つり橋効果
初めて会ったのがいつか、なんて全く覚えてはいない(きっと入学式前の顔合わせだったのだろう)けれど、初めて意識した瞬間なら、鮮明に覚えている。
あれは入学式の翌日、俺が忘れ物を取りに教室へ戻ったところだった。買ったばかりの弁当箱を教室に忘れたことに気づき、わざわざ校門前から引き返したのだ。小学校の頃は学校に慣れるまで半日上がりの日が続いていたはずだが、中学はそんな配慮をする気などさらさらないらしい。たいした進学校でもないのに、入学式の翌日から6限までみっちり授業が入り、規格外の身長を見込まれたバスケやバレー部の強引なスカウトに遭って、正直俺は疲れていた。疲れていたから幻影を見たのだと一瞬思ったくらいだ。誰も居ないはずの教室で、扉を開けた瞬間に、妊婦の後姿が見えるなんて。
「す、すいませんっ!」
俺は慌てて戸を閉めた。動転して反対の指を挟んでしまい、扉は明らかに鈍い音を立てた。
「あっ、ごめん! 驚かせて! 指大丈夫!?」
「あ、はい! お...ぼくは大丈夫です! か、帰ります!」
そう言うなり、俺は慌てて玄関の方へ走り出した。
「ちょっと待って!」
待つもんか! ここで見つかったら、やばいじゃないか! 妊婦はやや後ろを向いていたとはいえ、確かに体操着を着替えようとしているところだったのだから。
「待って! ちゃんと指見せて! 鈴木くんでしょ?」
俺が玄関の角を曲がるより、扉が開く音の方が遥かに早かった。だめだ、見つかった...こういうとき、自分の背の高さは本当に嫌になる。いくら「そんなつもりじゃなかった」と言っても、明日にも噂は学年中に広がって「妊婦の着替えを見にきたやつ」なんていうレッテルが貼られるんだろうな...でもここで逃げたら、完全にストーカーみたいだし...
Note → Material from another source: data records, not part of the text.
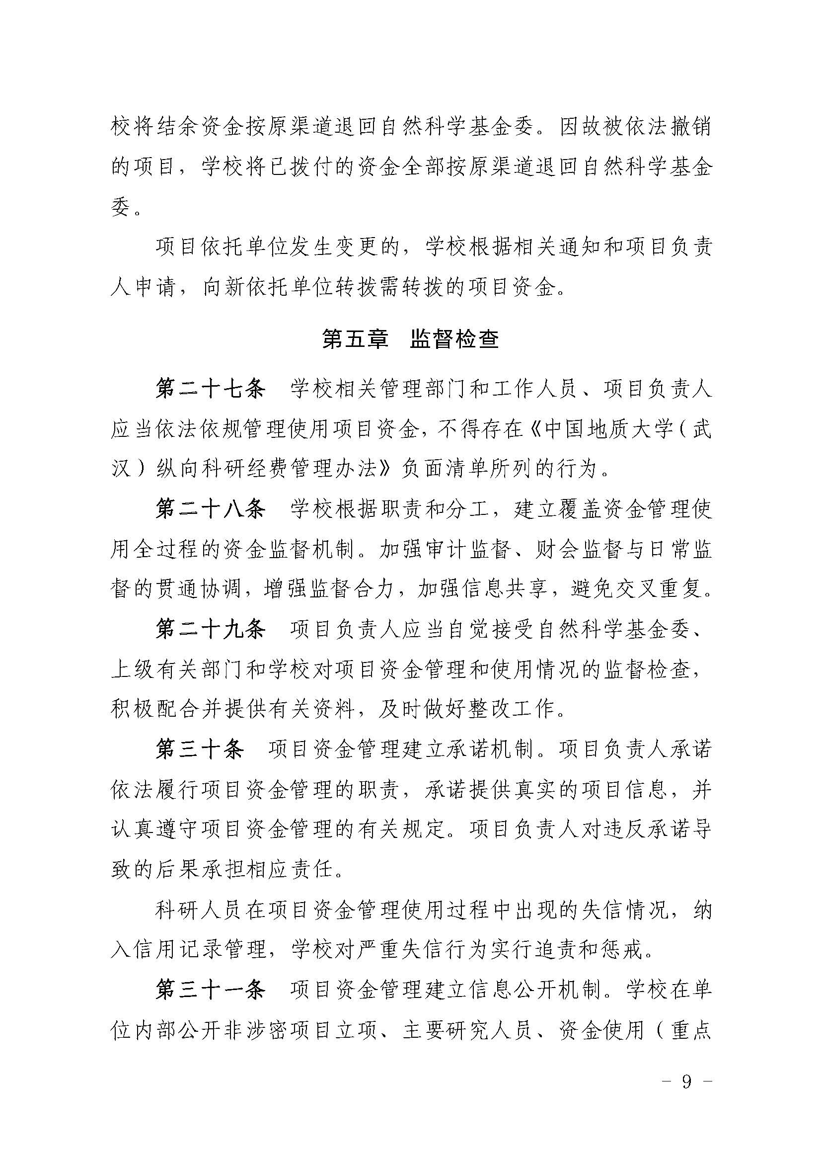 williamhill威廉官网(武汉)国家自然科学基金资助项目资金管理办法
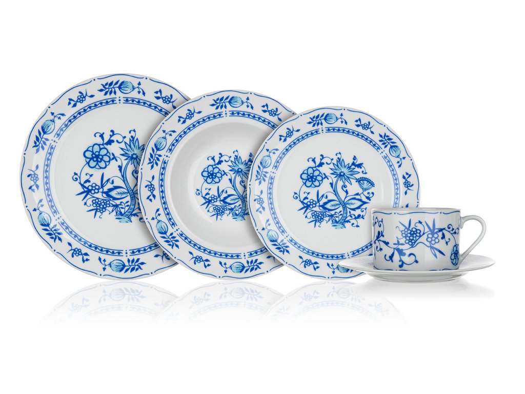 Sada jídelní ONION, 30díl. porcelánová. sada obsahuje: - 6 x hluboký talíř - 6 x mělký talíř - 6 x dezertní talíř - 6 x podšálek - 6 x šálek materiál: porcelán 30dílná jídelní sada s tradičním dekorem ONION. Nádobí lze používat do mikrovlnné trouby a mýt v myčce na nádobí.Obrázky jsou pouze ilustrativní.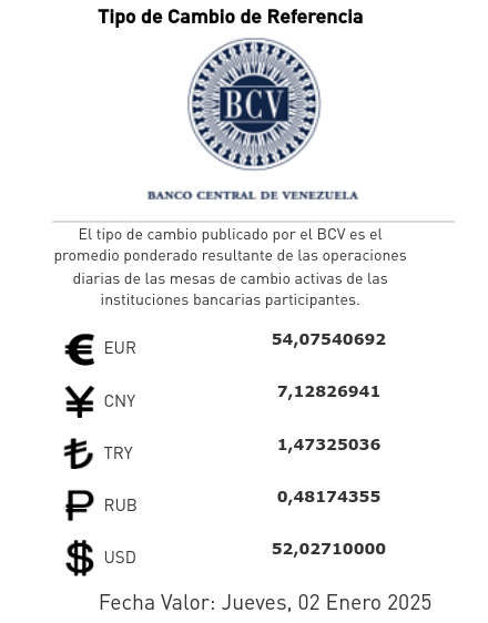 Al cierre de la jornada de este lunes 30 de diciembre de 2024, el dólar estadounidense se cotizó en 52,02 bolívares, informó el Banco Central de Venezuela en sus redes sociales.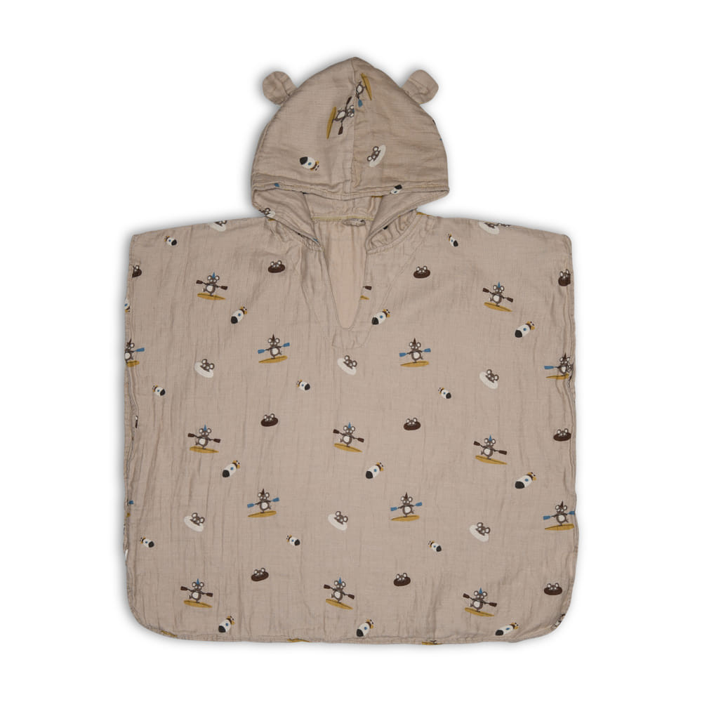 A Flor muszlin poncsó tökéletes, hogy magaddal vidd nyaralásra vagy hosszú zuhanyozás után. A puha anyag melegen tartja a kicsiket.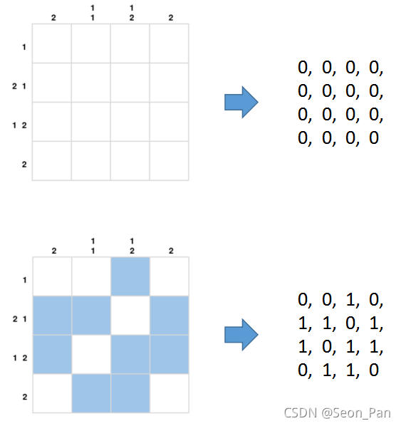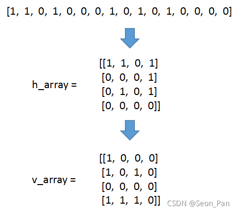 def get_w_remind(answer_lst): # 根據(jù)答案矩陣輸出提示列表 h_remind = [] v_remind = [] h_array = [answer_lst[i: i+size] for i in range(0, len(answer_lst), size)] # 橫向矩陣 for h in h_array: h_remind.append(get_line_remind(h)) v_array = list(map(list, zip(*h_array))) # 縱向矩陣 for v in v_array: v_remind.append(get_line_remind(v)) return h_remind, v_remind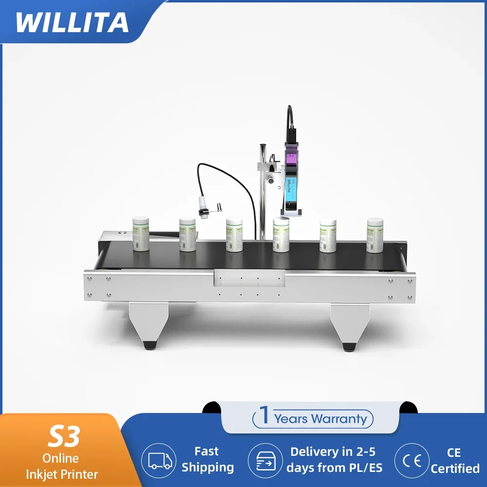 WILLITA S3 Imprimante thermique à jet d'encre en ligne avec bande transporteuse Machine de codage continue automatique pour code à barres Date d'expiration Code QR

思考回路がショートする、というのは、きっとこういう状態のことを言うに違いない。落ち着いて考えてみれば、おかしなことだらけなのだが、そのときの自分はなぜか、妊婦をストーカーしたような気分になっていた。そうしてそのまましばらく、その場に固まっていたのだと思う。
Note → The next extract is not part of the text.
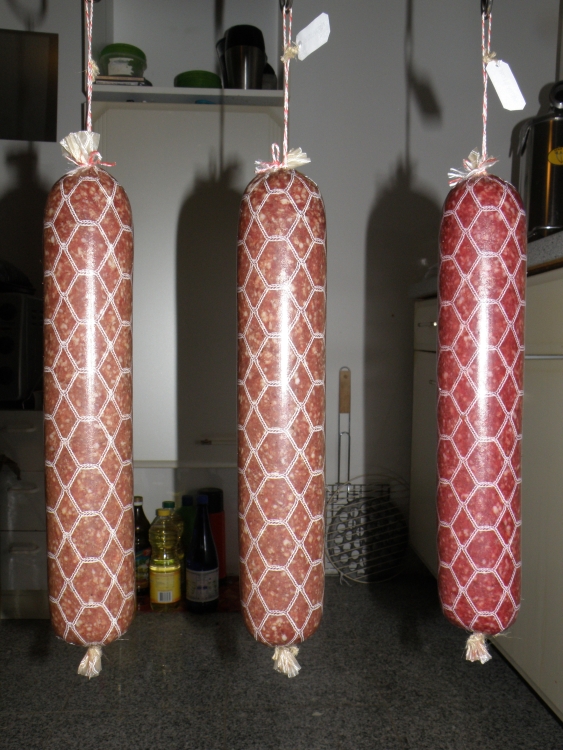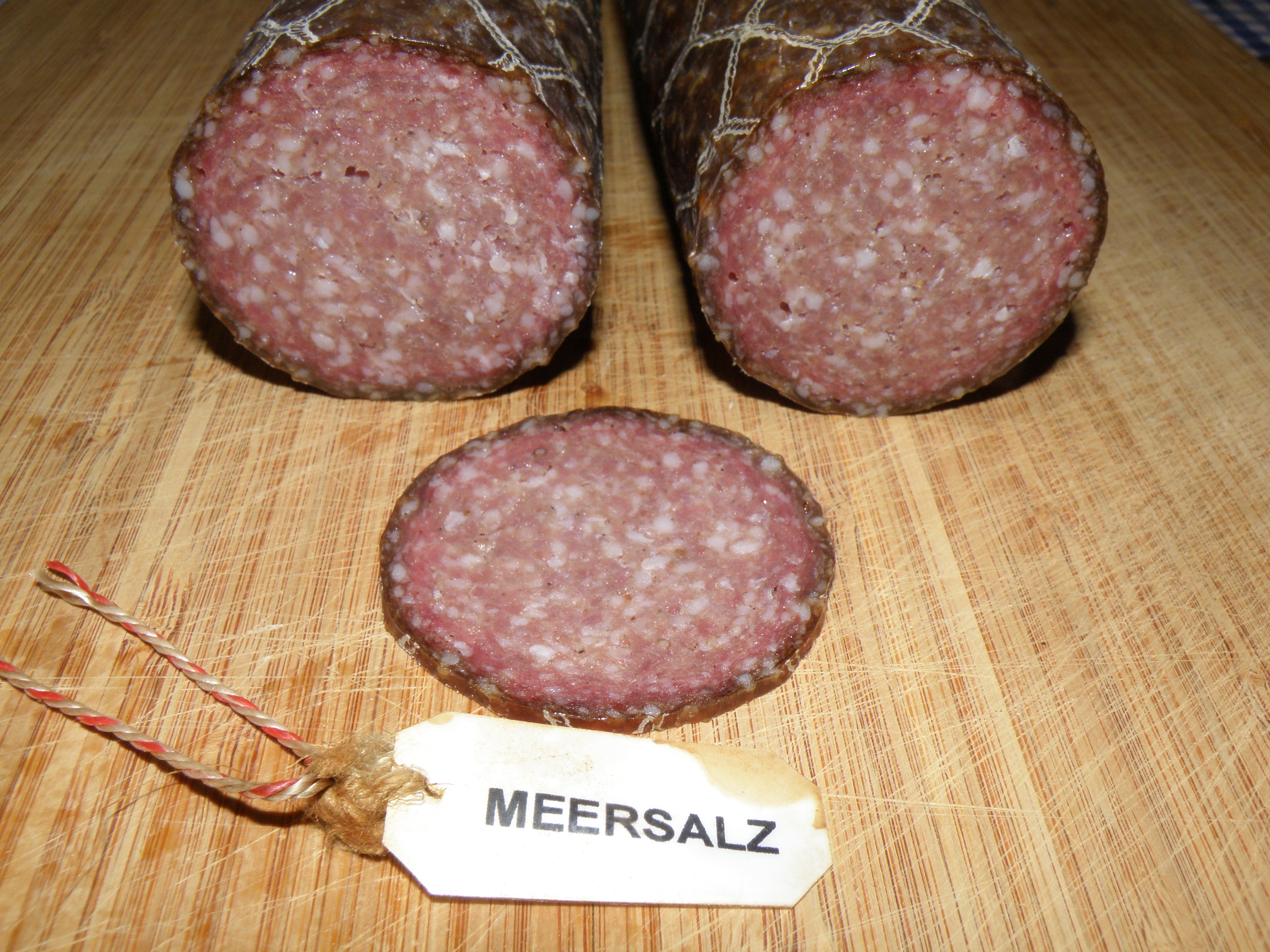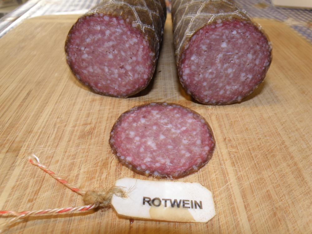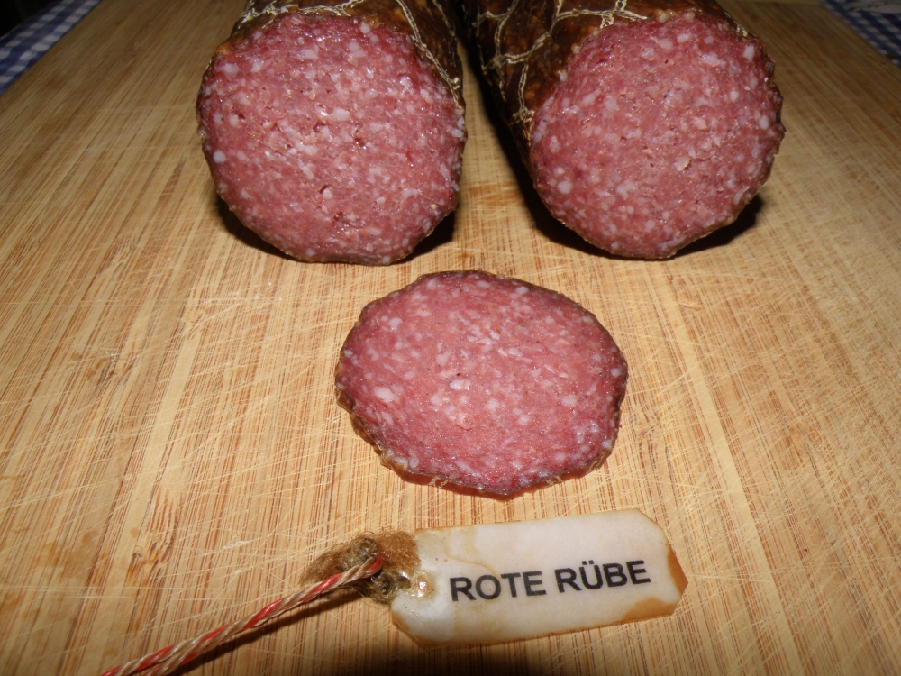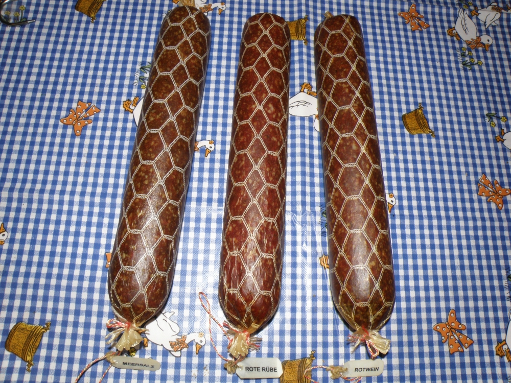 Здравствуйте, как то делал эксперимент с салями, делал салями с морской солью, с красным вином и с свеклой. Все колбасы без нитритной соли. Результат можете оценить сами. Всё измельчение как всегда на мясорубке. Сделал три палки, Созревание при 75% +13°C без копчения.

「ゆ、び、みせて、って言ってるの! 戻ってきてよー。 すぐ冷やさなきゃ、まずいんだから。めっちゃ腫れちゃうよー。そっちは玄関しかなくて、水飲み場は逆! 慌ててるの? 慌ててるんでしょー。慌ててる鈴木くんって、なんか面白いね(笑)」
ようやく言葉が、頭の中へ入ってきた。怒っているわけではないらしい。やたらテンションが高い。ころころと明るく、弾んでいるような声だ。同時に(認識は不完全ながら)状況の奇妙さにも初めて気がついた。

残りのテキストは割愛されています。